My best friend, who may as well be my sister is pregnant. The father is a ne'er do well who has a criminal record and cannot get a decent job because of it. He works part time and is collecting welfare. He also has another child that he does not look after because he can't afford to. He sponges off of my sister! Grrr! I no longer express concern and love for her poor choices. She choose these losers because she grew up in the ghetto. It's her life; I can only love her for who she is.
He's been talking about marriage since she has become pregnant. Which brings me to my question: Is it a good idea to get married because of pregnancy?
I think it's a horrible idea. Marriage should come from love and wanting to build a life together, not out of obligation and feeling trapped. I've seen many dutiful marriages fall apart, because the people didn't really want to be husband and wife.
Looking forward to reading the intelligent and thoughtful posts that brings me to this forum.
_Posted via Mobile Device_


----------



## TNgirl232 (Oct 5, 2008)

Agree - horrible idea. Just as horrible as getting pregnant to 'save' a marriage. I got married for that reason....and divorced. Everyone I know that got married for that reason got divorced. Just because your sperm and egg were compatible to make a child does not make you compatible in the marriage department.


----------



## magnoliagal (Mar 30, 2011)

Bad bad bad idea. Everyone I know that got married for that reason is either already divorced or in an unhappy marriage.


----------



## Runs like Dog (Feb 25, 2011)

In the next few years, more than half of all children in the US will be born outside of traditional marriage. FYI. Today the number is in the mod 40's.


----------



## SimplyAmorous (Nov 25, 2009)

If she wants to better herself, even despite this happening now (what is done is done), given HIS history, his sponging, what would married life be like for her & the child.
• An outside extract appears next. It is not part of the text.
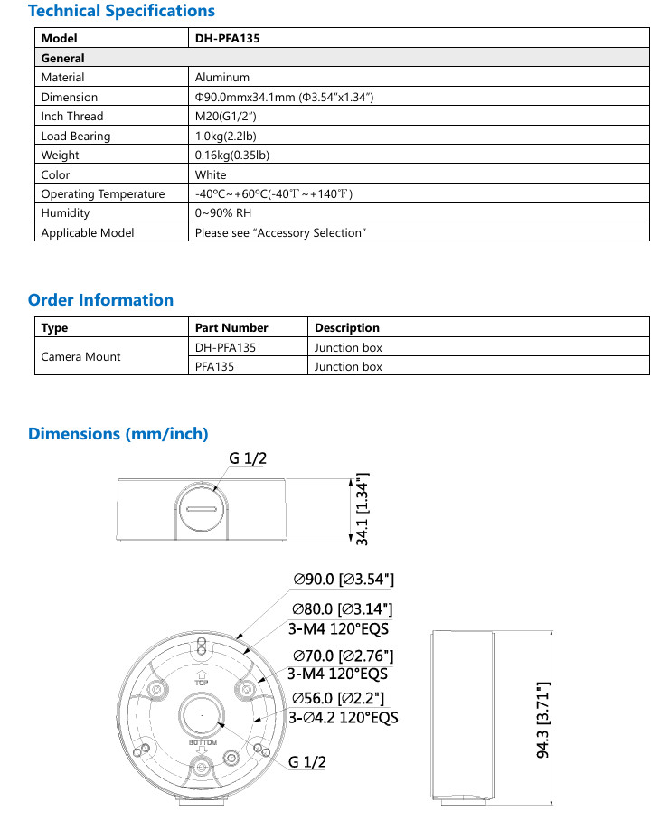 Gyártó DahuaCikkszám AK-PFA135-QNJ

How he interacts with his 1st child , who he was responsible for giving life but shows little interest if any -this speaks of his character. 

I would never marry such a man and question myself even if I thought I loved him. She likely could provide as much as him if she stays single, given your description of him here. 

A shame she fell under these circumstances, it only makes her life & the childs this much harder to bare. She will need her friends now more than ever.


----------



## marksaysay (Oct 15, 2010)

Bad, bad, bad idea. A marriage like that screams of a divorce down the road. It won't be built on the right foundation.


----------



## Mrs.G (Nov 20, 2010)

SimplyAmorous, you get a round of applause. 
I have talked to my sister about her choices of men time and time again. She only likes thugs; drug dealers and lazy men who are no stranger to jail. When she meets a man with a good career and no children that he rarely sees, my sister dismisses them as boring.
I give up. If she wants to ruin her life, I can no longer worry about her. 
The guy is currently serving a work release sentence, which means he is incarcerated from friday to monday morning. What if she goes into labor while this fool is locked up?
She's so desperate for a family, that she'll even have a child with someone who doesn't work. How can she enjoy carrying him financially? She does all the housework while he sleeps. Wait till that expensive, time consuming loud little thing arrives. She will need me more than ever.
_Posted via Mobile Device_


----------